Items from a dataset
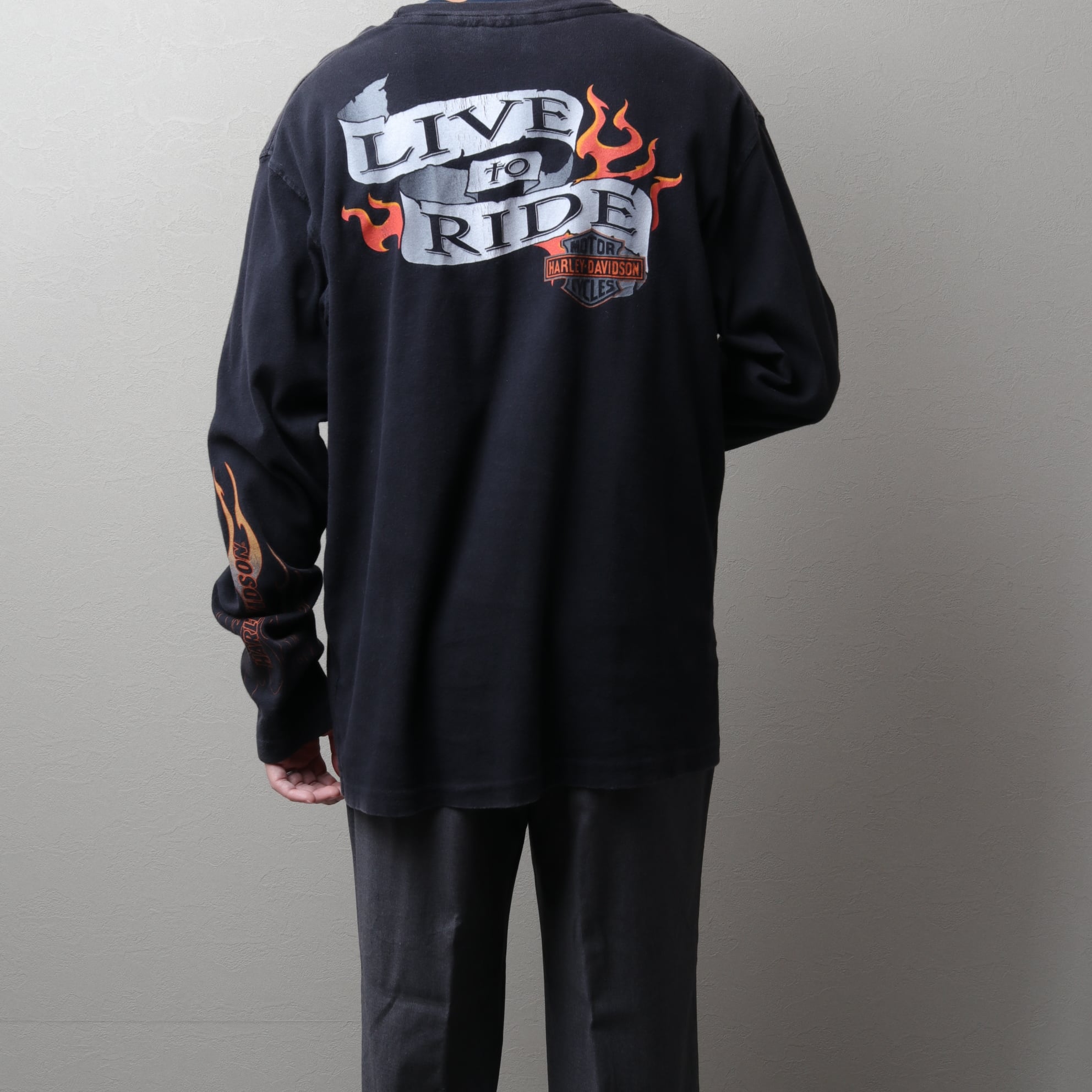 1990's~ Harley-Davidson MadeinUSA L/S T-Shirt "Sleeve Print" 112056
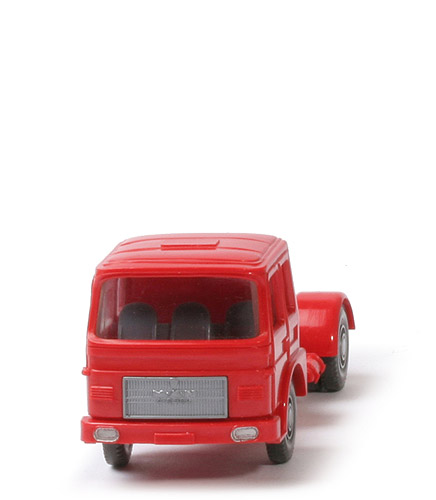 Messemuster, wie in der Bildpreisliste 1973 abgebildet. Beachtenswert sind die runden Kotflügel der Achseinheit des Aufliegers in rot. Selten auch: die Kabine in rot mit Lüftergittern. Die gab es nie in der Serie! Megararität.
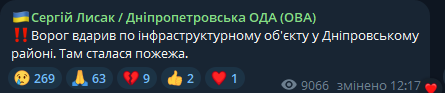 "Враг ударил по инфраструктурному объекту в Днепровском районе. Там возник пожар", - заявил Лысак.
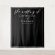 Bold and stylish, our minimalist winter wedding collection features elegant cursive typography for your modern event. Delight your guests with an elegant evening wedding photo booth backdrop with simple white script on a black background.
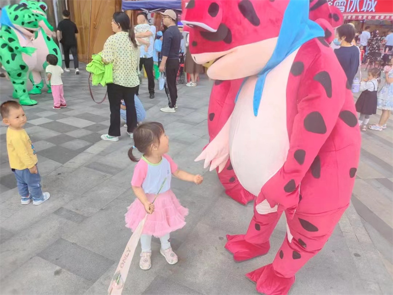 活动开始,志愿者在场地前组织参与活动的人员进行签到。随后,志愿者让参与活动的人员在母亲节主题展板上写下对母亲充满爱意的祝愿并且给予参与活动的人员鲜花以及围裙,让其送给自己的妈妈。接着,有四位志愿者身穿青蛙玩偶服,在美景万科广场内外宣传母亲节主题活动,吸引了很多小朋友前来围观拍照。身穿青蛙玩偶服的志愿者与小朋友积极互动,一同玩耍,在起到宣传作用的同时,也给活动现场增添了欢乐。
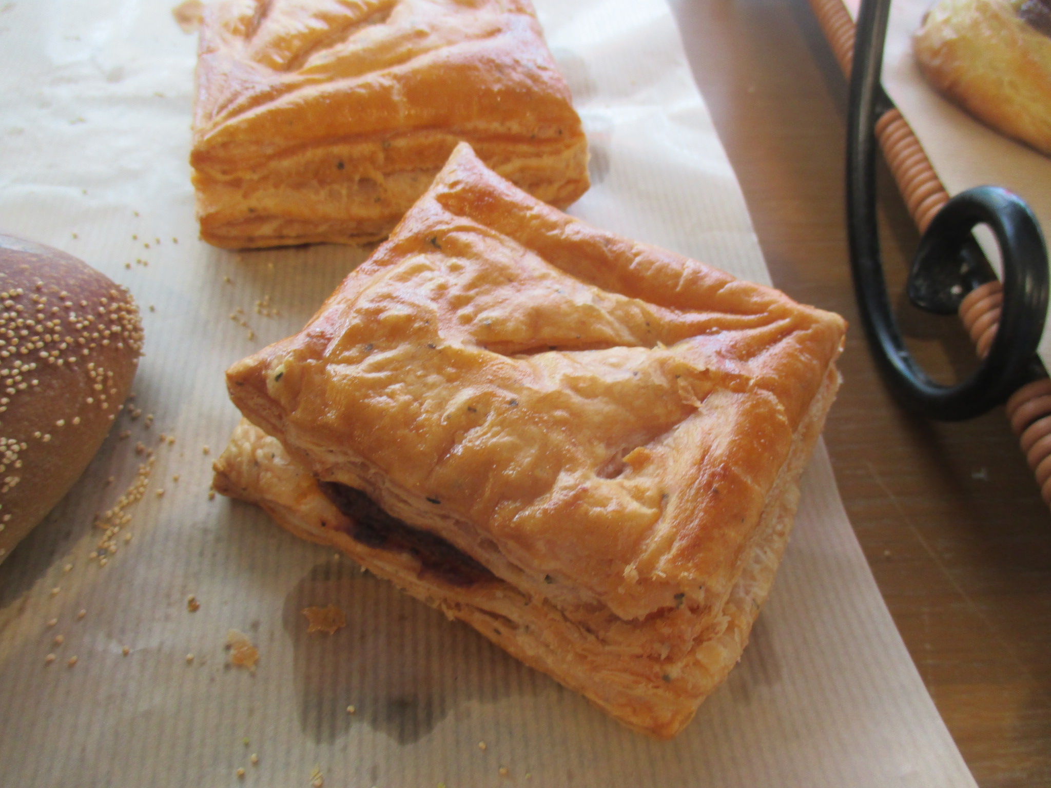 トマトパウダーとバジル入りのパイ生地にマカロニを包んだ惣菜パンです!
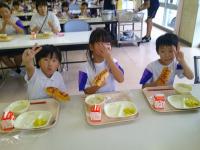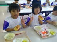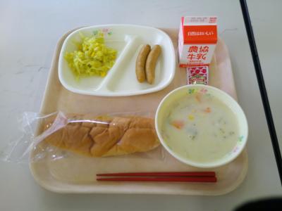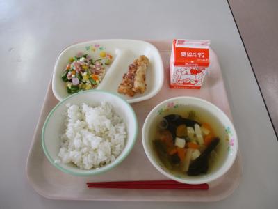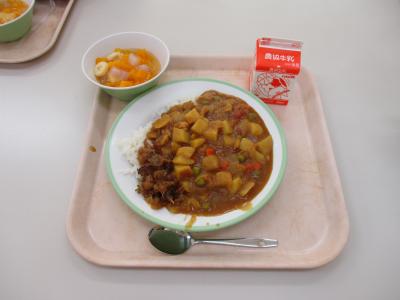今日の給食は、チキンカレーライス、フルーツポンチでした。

...

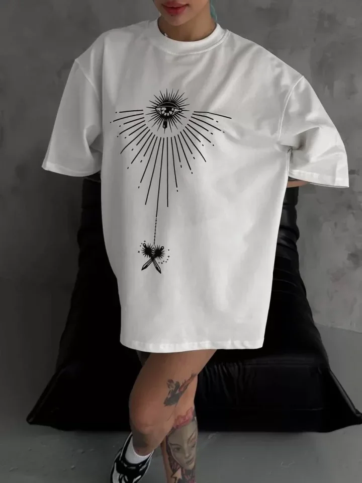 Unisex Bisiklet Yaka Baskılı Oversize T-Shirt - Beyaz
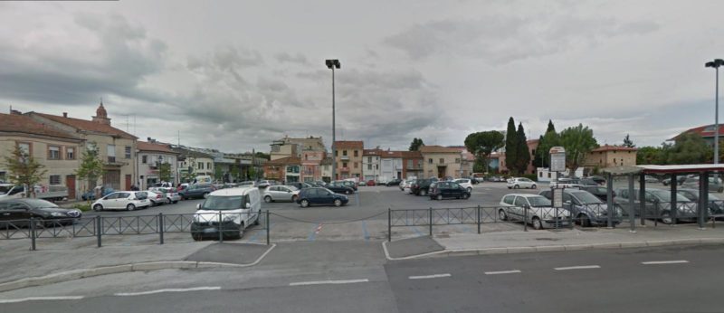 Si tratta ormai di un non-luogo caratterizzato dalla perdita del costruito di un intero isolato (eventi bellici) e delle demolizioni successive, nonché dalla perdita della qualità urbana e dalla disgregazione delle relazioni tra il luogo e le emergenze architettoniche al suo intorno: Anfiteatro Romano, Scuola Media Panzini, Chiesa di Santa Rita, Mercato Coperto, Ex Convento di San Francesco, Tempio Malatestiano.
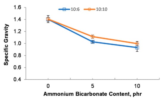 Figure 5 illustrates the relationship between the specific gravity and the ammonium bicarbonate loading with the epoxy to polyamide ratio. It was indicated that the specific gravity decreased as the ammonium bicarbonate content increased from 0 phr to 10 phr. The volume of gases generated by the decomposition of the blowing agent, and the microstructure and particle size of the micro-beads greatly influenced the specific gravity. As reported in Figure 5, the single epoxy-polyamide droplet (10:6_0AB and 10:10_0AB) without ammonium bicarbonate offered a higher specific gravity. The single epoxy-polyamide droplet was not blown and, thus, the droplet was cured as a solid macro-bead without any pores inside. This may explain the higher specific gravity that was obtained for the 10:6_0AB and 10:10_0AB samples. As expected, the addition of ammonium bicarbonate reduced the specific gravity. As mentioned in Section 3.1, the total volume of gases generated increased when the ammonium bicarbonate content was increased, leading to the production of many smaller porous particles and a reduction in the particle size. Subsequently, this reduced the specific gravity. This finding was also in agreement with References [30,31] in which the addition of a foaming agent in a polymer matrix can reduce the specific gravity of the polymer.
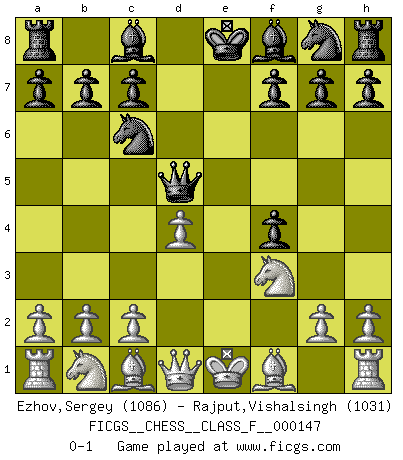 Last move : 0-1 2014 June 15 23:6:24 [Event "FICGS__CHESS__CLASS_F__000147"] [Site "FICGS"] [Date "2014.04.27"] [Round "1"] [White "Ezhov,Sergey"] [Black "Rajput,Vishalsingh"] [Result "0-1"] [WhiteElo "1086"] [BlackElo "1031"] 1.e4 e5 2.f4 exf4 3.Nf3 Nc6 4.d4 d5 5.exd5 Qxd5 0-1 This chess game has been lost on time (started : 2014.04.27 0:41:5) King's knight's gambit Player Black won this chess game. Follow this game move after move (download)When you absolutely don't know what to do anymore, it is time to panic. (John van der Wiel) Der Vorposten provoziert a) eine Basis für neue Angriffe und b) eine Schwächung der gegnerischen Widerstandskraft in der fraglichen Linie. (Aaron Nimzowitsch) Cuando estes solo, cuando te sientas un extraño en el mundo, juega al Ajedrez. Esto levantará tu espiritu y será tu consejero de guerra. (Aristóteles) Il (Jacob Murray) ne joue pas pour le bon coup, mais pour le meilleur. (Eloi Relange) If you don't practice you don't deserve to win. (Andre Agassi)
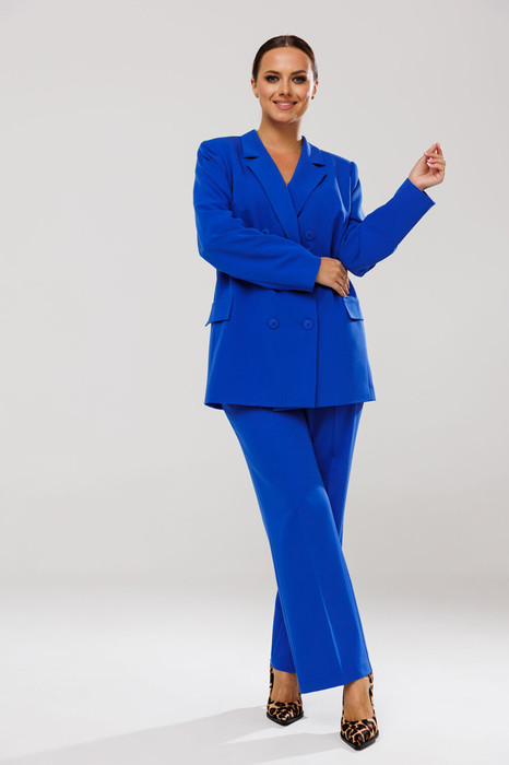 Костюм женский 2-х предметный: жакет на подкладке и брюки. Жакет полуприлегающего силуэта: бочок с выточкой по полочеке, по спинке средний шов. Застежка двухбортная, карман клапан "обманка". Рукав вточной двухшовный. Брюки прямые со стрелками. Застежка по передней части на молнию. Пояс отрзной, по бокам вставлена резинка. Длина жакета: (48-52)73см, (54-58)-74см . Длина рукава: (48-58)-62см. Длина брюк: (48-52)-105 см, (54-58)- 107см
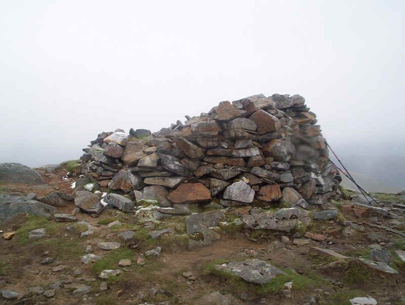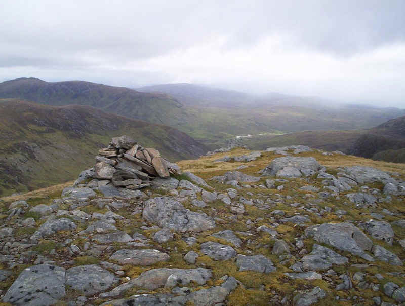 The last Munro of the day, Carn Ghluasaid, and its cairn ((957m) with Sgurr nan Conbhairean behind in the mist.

_TASK PROMPT_. The stretch to restate runs from the line above containing "Messemuster, wie in" through the line containing "今日の給食は、チキンカレーライス、フルーツポンチでした。". Copy it word for word, ends included, without pictures.

_RESULT OF THE EXERCISE_.
 Messemuster, wie in der Bildpreisliste 1973 abgebildet. Beachtenswert sind die runden Kotflügel der Achseinheit des Aufliegers in rot. Selten auch: die Kabine in rot mit Lüftergittern. Die gab es nie in der Serie! Megararität.
 "Враг ударил по инфраструктурному объекту в Днепровском районе. Там возник пожар", - заявил Лысак.
 Bold and stylish, our minimalist winter wedding collection features elegant cursive typography for your modern event. Delight your guests with an elegant evening wedding photo booth backdrop with simple white script on a black background.
 活动开始,志愿者在场地前组织参与活动的人员进行签到。随后,志愿者让参与活动的人员在母亲节主题展板上写下对母亲充满爱意的祝愿并且给予参与活动的人员鲜花以及围裙,让其送给自己的妈妈。接着,有四位志愿者身穿青蛙玩偶服,在美景万科广场内外宣传母亲节主题活动,吸引了很多小朋友前来围观拍照。身穿青蛙玩偶服的志愿者与小朋友积极互动,一同玩耍,在起到宣传作用的同时,也给活动现场增添了欢乐。
 トマトパウダーとバジル入りのパイ生地にマカロニを包んだ惣菜パンです!
今日の給食は、チキンカレーライス、フルーツポンチでした。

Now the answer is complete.